What tools, metrics, and data collection capabilities are currently available to support culture risk governance and supervision? What is working and what does this hold for the future?
“I gave a very controversial speech to the Law Council in September 2015 called ‘Culture and Regulation.’ Around that time, the Senior Managers Accountability Regime came about to try and make senior managers more accountable for poor conduct. But I was trying to say that we should talk more constructively about how you create a good culture, monitor it, and give companies the tools to do so.
From a regulatory perspective, you have pretty good indicators that tell you there's a problem, like customer complaints or our own direct supervision visits revealing unreported breaches of the law. If we saw a pattern of conduct that was breaking the law or close to it, or if we had a lot of complaints about a company, those were usually indicators.
There are a lot of tools companies can use to identify cultural problems, which you can then unpack. You have both internal and external techniques to identify where culture problems exist.
Boards have got to have tools that enable them to challenge management. They need dashboards that can give an indication of problems further down the organization.
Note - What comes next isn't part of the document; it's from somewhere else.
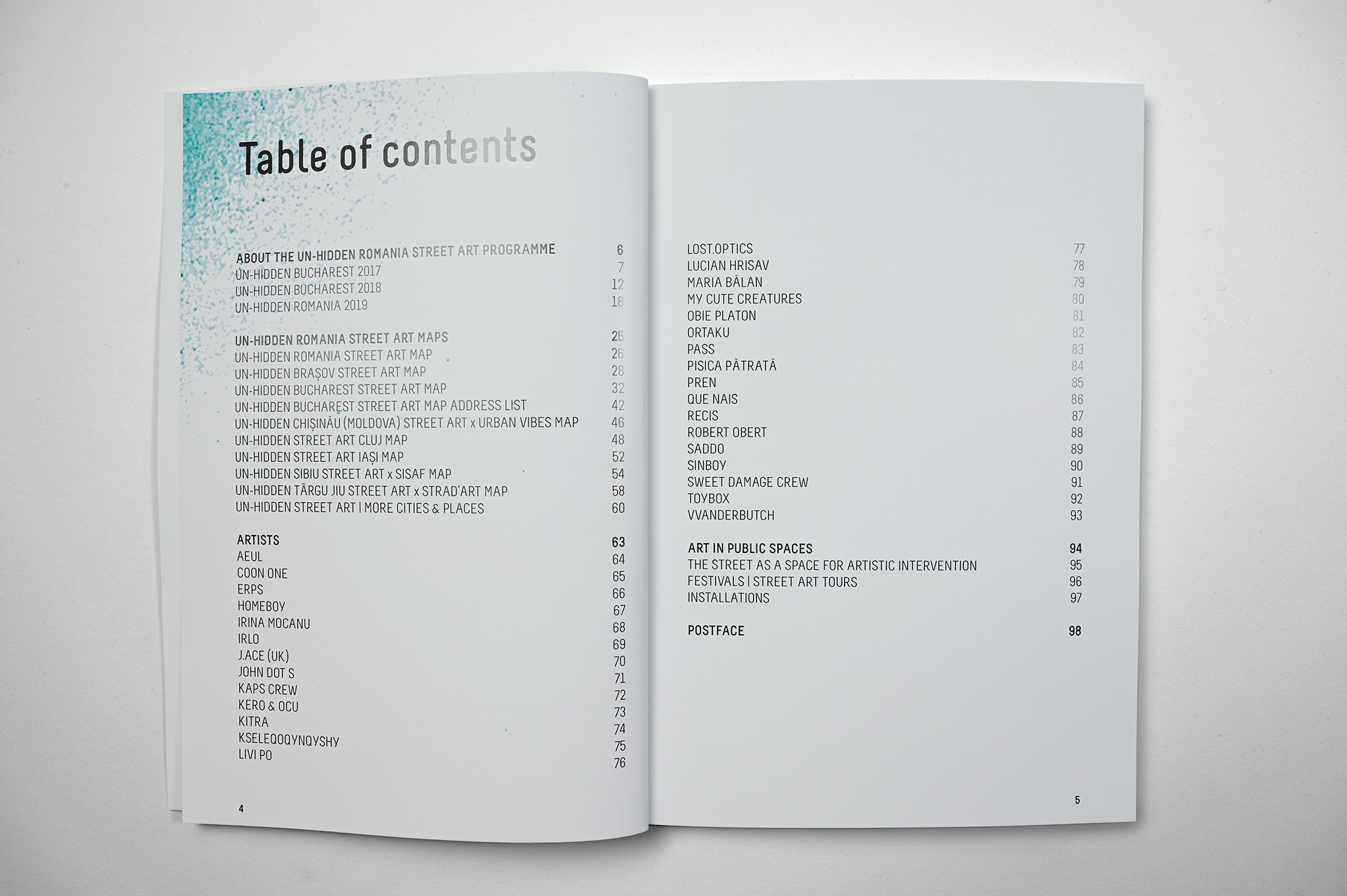 Un-hidden Street Art in Romania are ca scop umanizarea și promovarea cunoașterii orașelor din România și Moldova, propunând explorarea acestora prin intermediul artei urbane independente. Publicația prezintă intervențiile culturale Un-hidden Bucharest 2017, 2018 și 2019, co-finanțate de AFCN, care activează spații interesante sau uitate, cum sunt Sala Omnia, Lente, Cinema Marconi, Facultatea de Sociologie și Asistență Socială, Dizainăr, clădirea Cina – spațiul M60, alături de artiști remarcabili, producând un traseu ghidat și o hartă print & online care mapează peste 200 de intervenții artistice independente în spațiul public.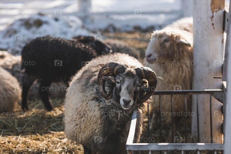Домашний скот. Баран и овца в загоне. Понятие животноводства и сельской жизни. Овцы на свежем воздухе. Крупный план. Домашний питомец на частной экоферме. Сельскохозяйственная промышленность

Directors at the board need to challenge the executive about what they are doing about these issues and continue to challenge them until the problem is resolved.
Often, the problem is that these things are identified but perhaps not challenged with enough focus before they get out of hand.”
What emerging techniques and tools offer promise to improve culture measurement and risk assessments?
“Machine learning and big data analytics have enabled ‘regtech’ solutions capable of interpreting organisational data, predicting conduct and culture risks and suggesting remedies.“
“Large datasets that are now available to us which, when combined with machine learning and predictive models of behaviour, can be used by regulators and compliance functions to detect potential misconduct before it even arises.
Data-driven models provide a window into individual teams across an organisation. Culture is not uniform across a company — it exists in many different layers right down to small units. Behavioural science provides valuable insights into where culture is going right, and where it’s not, which is crucial in the pursuit of restored trust in the industry.”
What steps should regulators consider to enable more effective culture risk supervision?
“We also looked at existing legal obligations. For example, under anti-corruption laws in the UK, directors can be held liable if they don't have a proper system of checks and balances for bribery. It’s the same in most countries with occupational health and safety; directors can be held liable if there isn't a system to monitor and avoid problems. So, the law, to a large extent, already extended to conduct in certain areas and held directors liable where the problem was a culture of poor conduct.”